**Your instructions**
Each line below is to be copied exactly; images do not go into the copy.

**Dataset content**

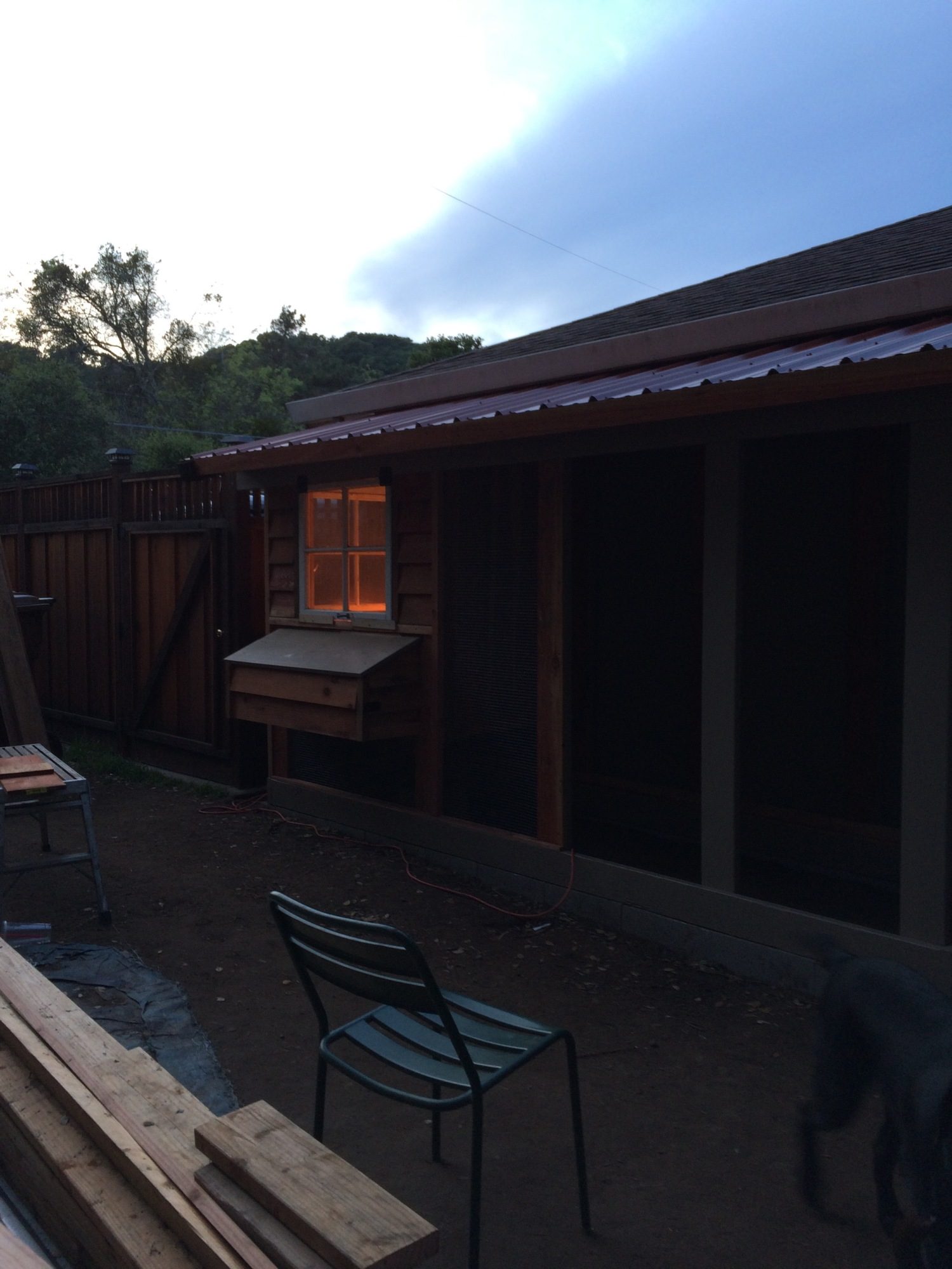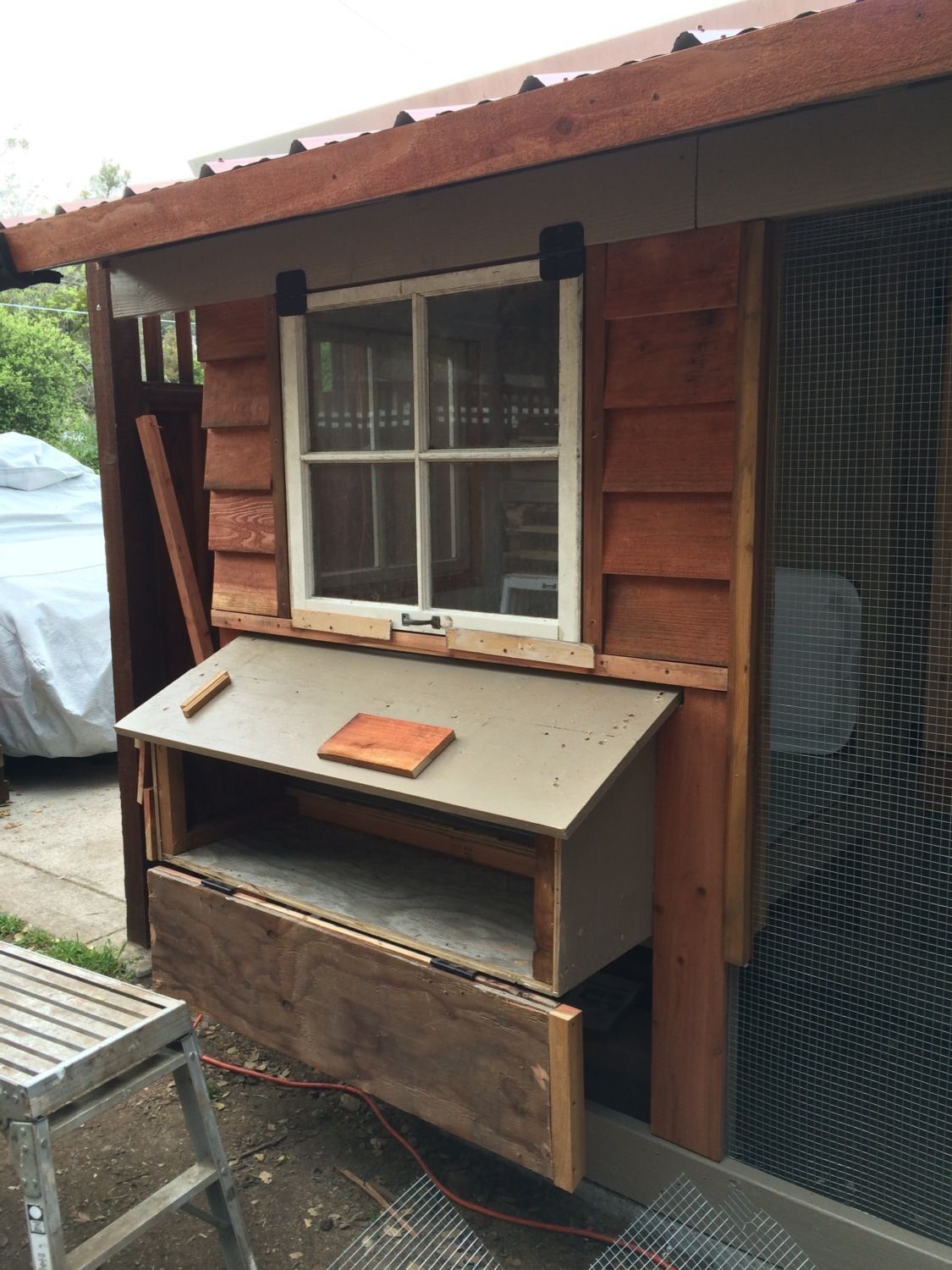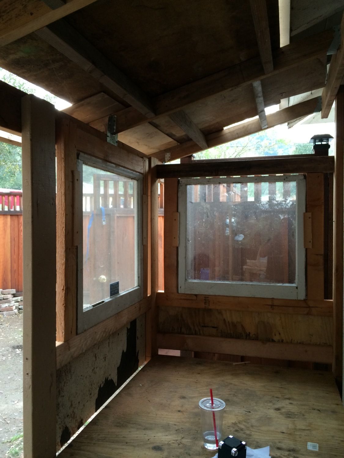 Put the plywood in the coop.
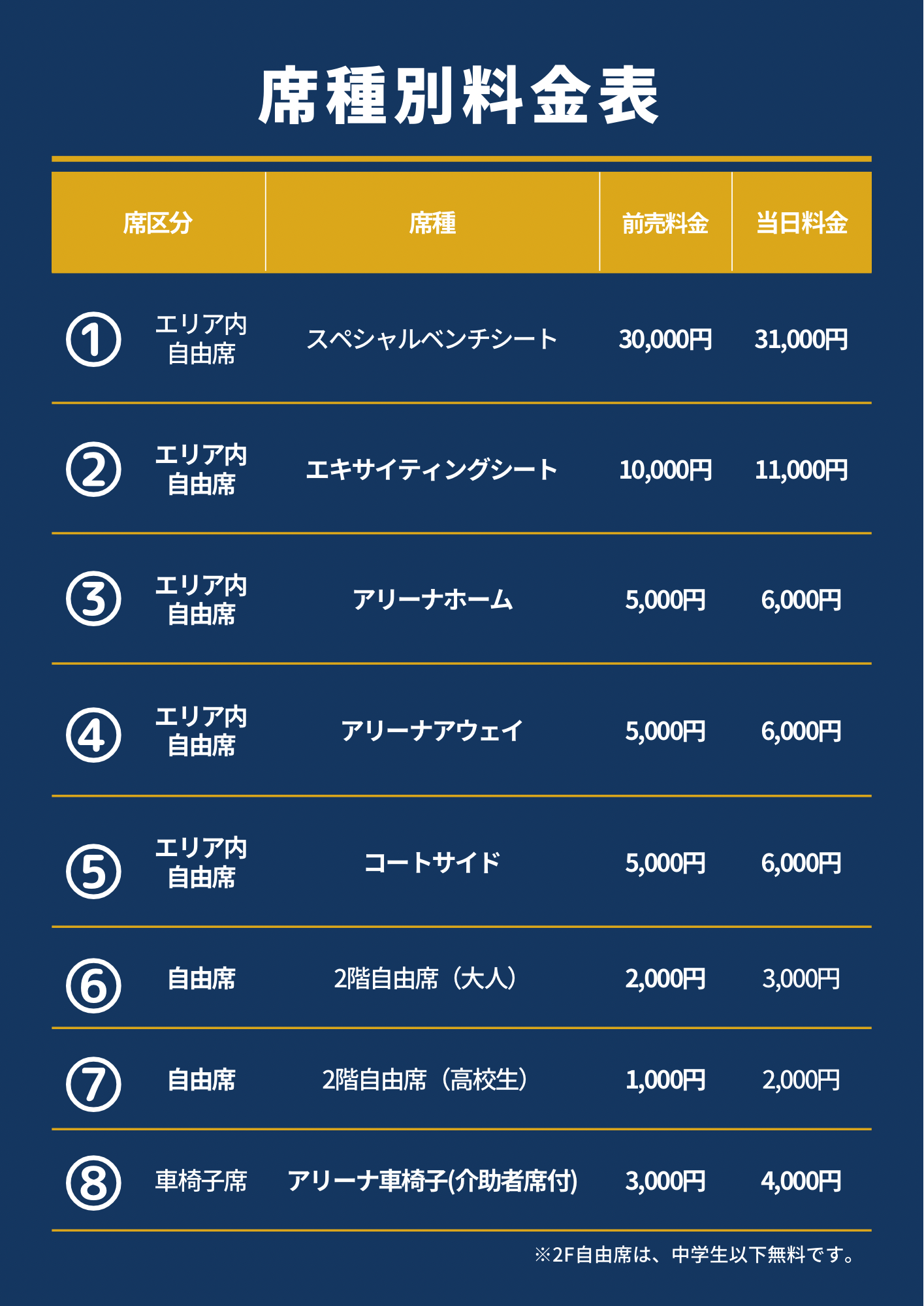 事前の申し込みがなく、ご希望の席種が完売していた場合、お座席がご用意できないことがあります。
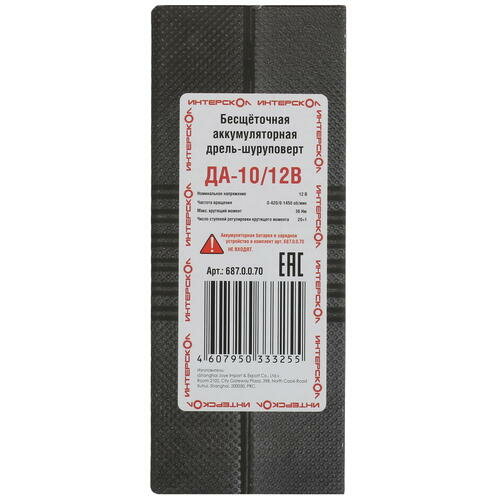 Дрель-шуруповерт аккумуляторная Интерскол ДА-10/12В Мини макс Li-ion картон без аккум. и ЗУ 687.0.0.70

**Written solution**
 Put the plywood in the coop.
 事前の申し込みがなく、ご希望の席種が完売していた場合、お座席がご用意できないことがあります。
 Дрель-шуруповерт аккумуляторная Интерскол ДА-10/12В Мини макс Li-ion картон без аккум. и ЗУ 687.0.0.70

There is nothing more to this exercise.